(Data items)

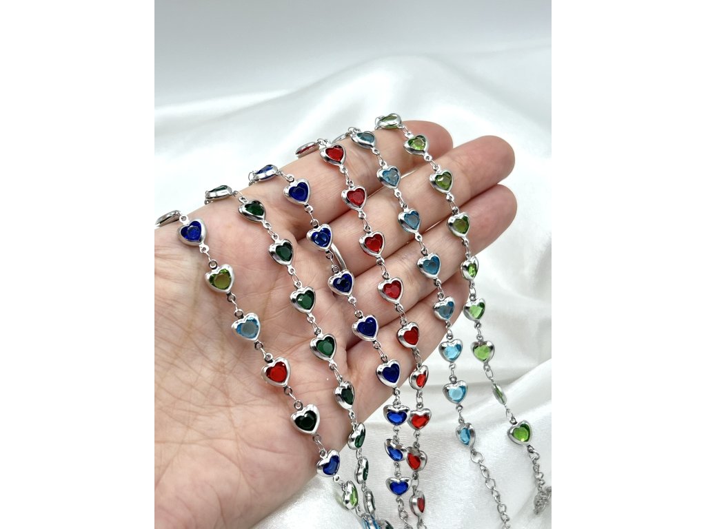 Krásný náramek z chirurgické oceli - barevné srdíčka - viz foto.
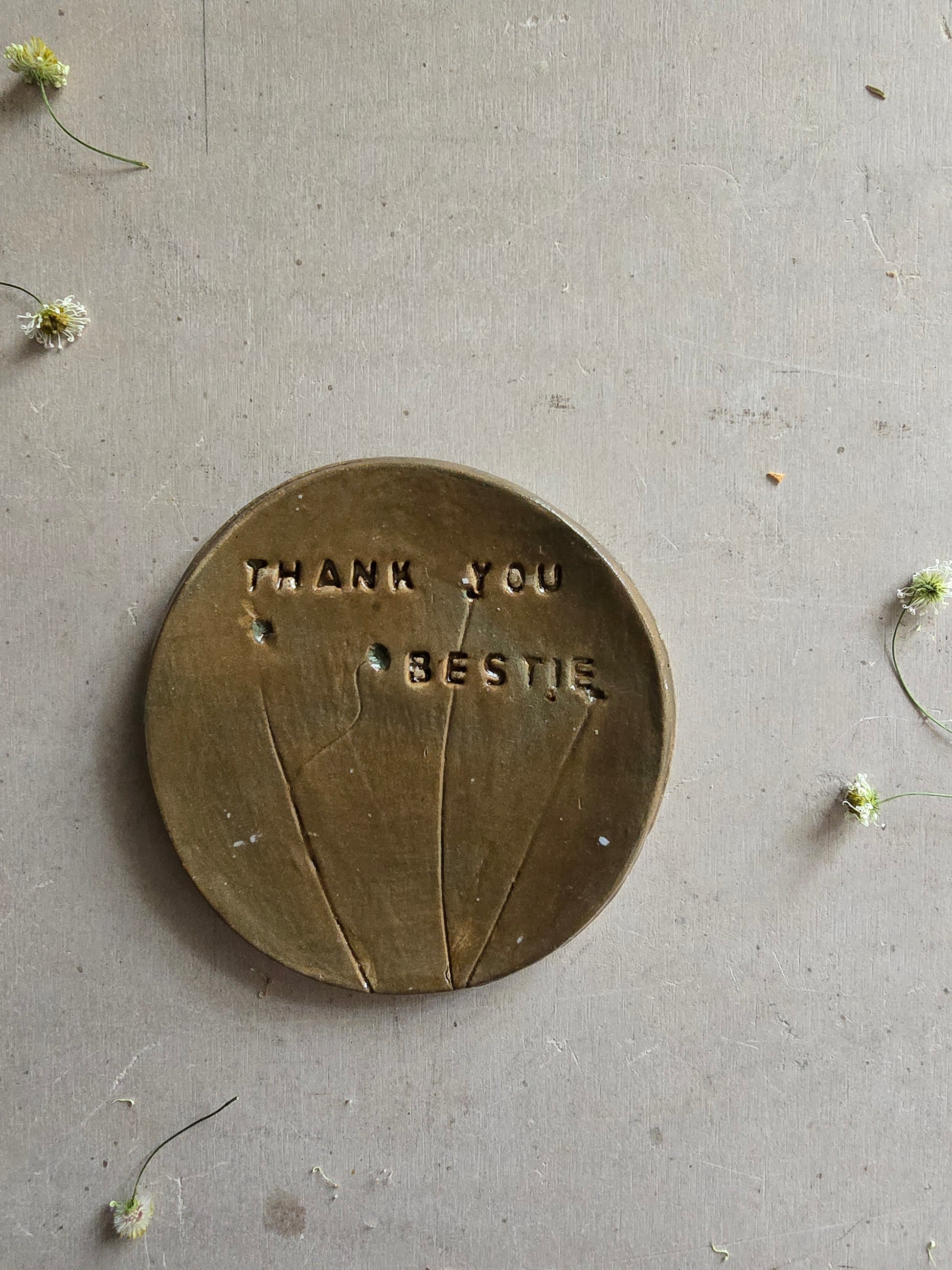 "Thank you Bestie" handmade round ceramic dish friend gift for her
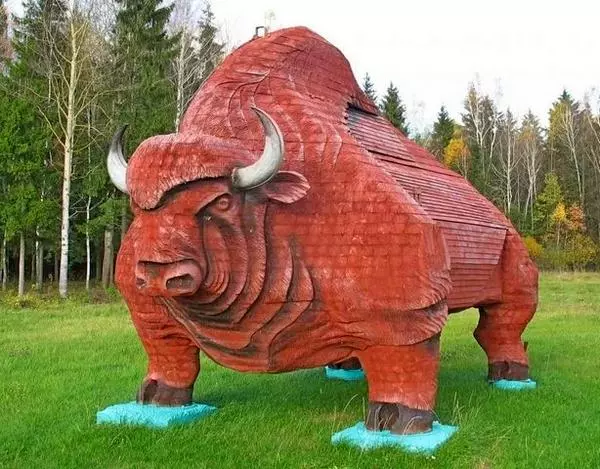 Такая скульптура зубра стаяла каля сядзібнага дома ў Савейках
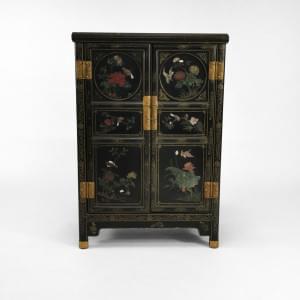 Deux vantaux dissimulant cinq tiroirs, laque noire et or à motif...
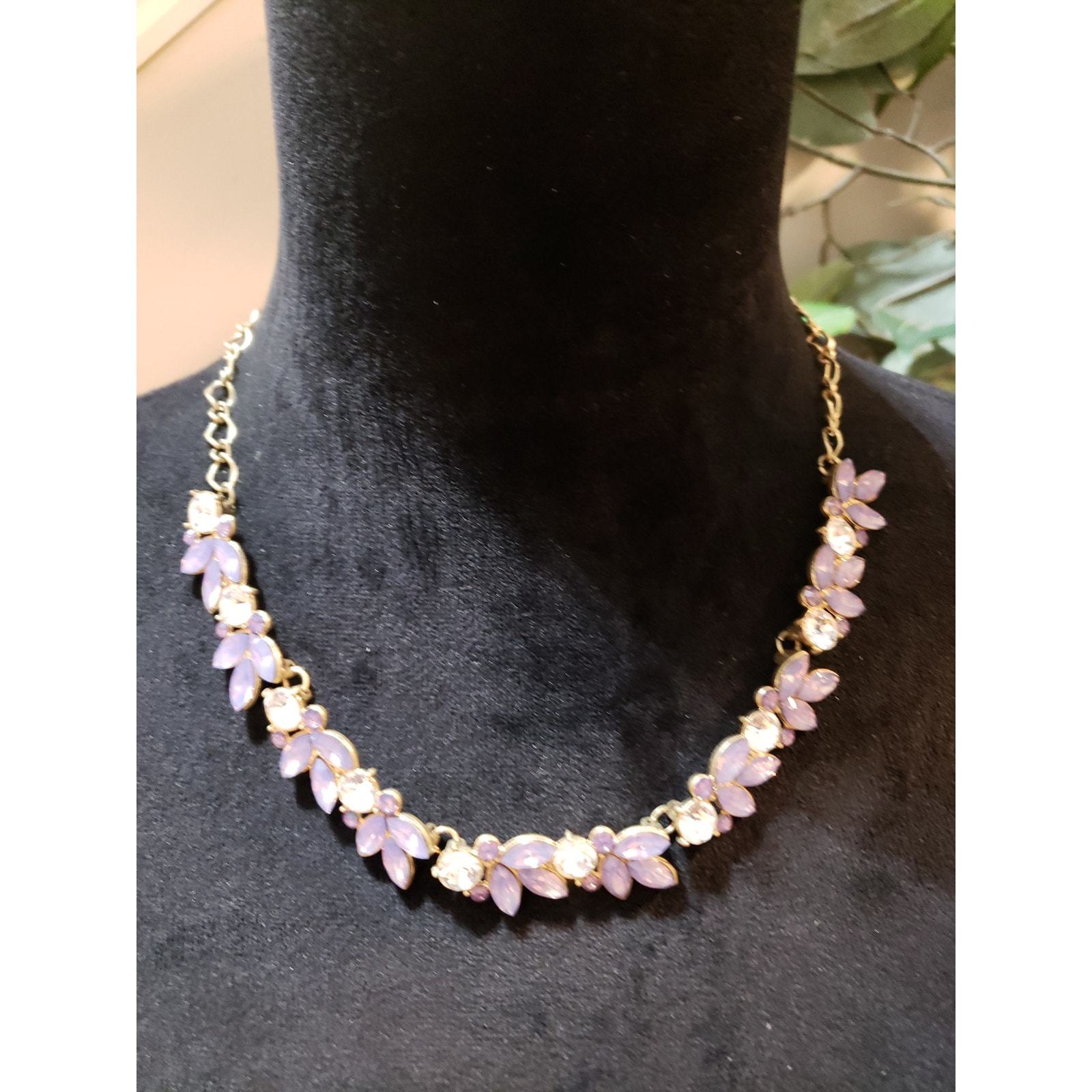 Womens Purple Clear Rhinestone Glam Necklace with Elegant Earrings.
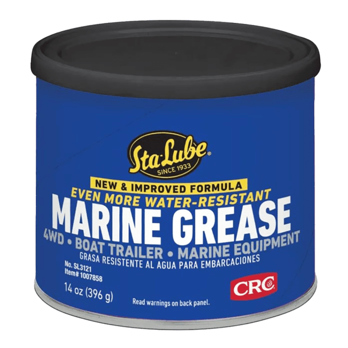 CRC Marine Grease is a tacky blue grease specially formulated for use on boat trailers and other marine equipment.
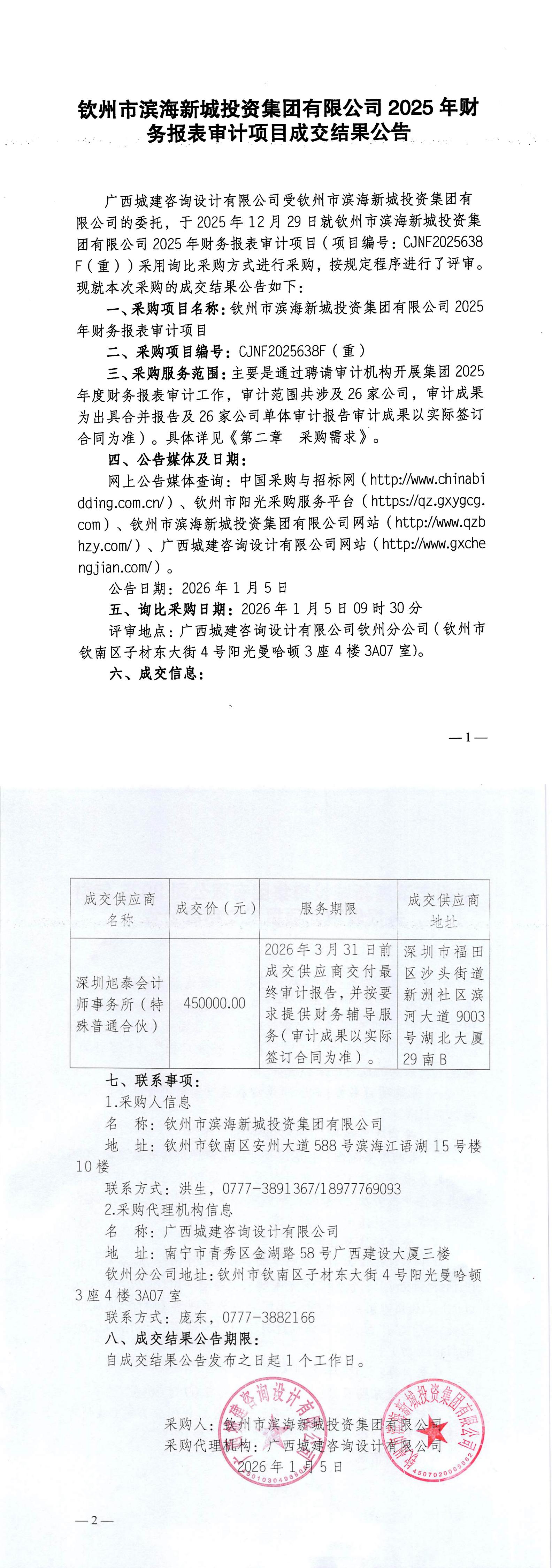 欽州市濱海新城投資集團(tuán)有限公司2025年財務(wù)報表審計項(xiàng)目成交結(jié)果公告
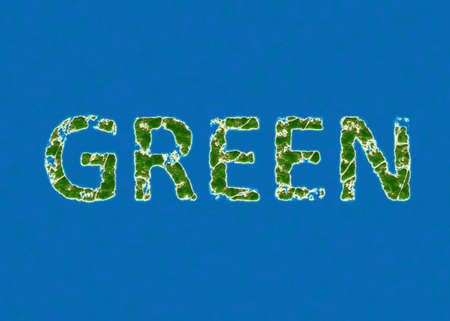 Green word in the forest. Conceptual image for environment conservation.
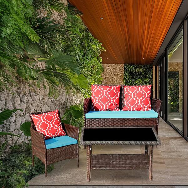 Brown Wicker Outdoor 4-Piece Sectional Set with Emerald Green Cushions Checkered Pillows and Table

## Task brief
The answer must be the full set of records, repeated exactly, with no pictures.

## Reply to the exercise
 Krásný náramek z chirurgické oceli - barevné srdíčka - viz foto.
 "Thank you Bestie" handmade round ceramic dish friend gift for her
 Такая скульптура зубра стаяла каля сядзібнага дома ў Савейках
 Deux vantaux dissimulant cinq tiroirs, laque noire et or à motif...
 Womens Purple Clear Rhinestone Glam Necklace with Elegant Earrings.
 CRC Marine Grease is a tacky blue grease specially formulated for use on boat trailers and other marine equipment.
 欽州市濱海新城投資集團(tuán)有限公司2025年財務(wù)報表審計項(xiàng)目成交結(jié)果公告
 Green word in the forest. Conceptual image for environment conservation.
 Brown Wicker Outdoor 4-Piece Sectional Set with Emerald Green Cushions Checkered Pillows and Table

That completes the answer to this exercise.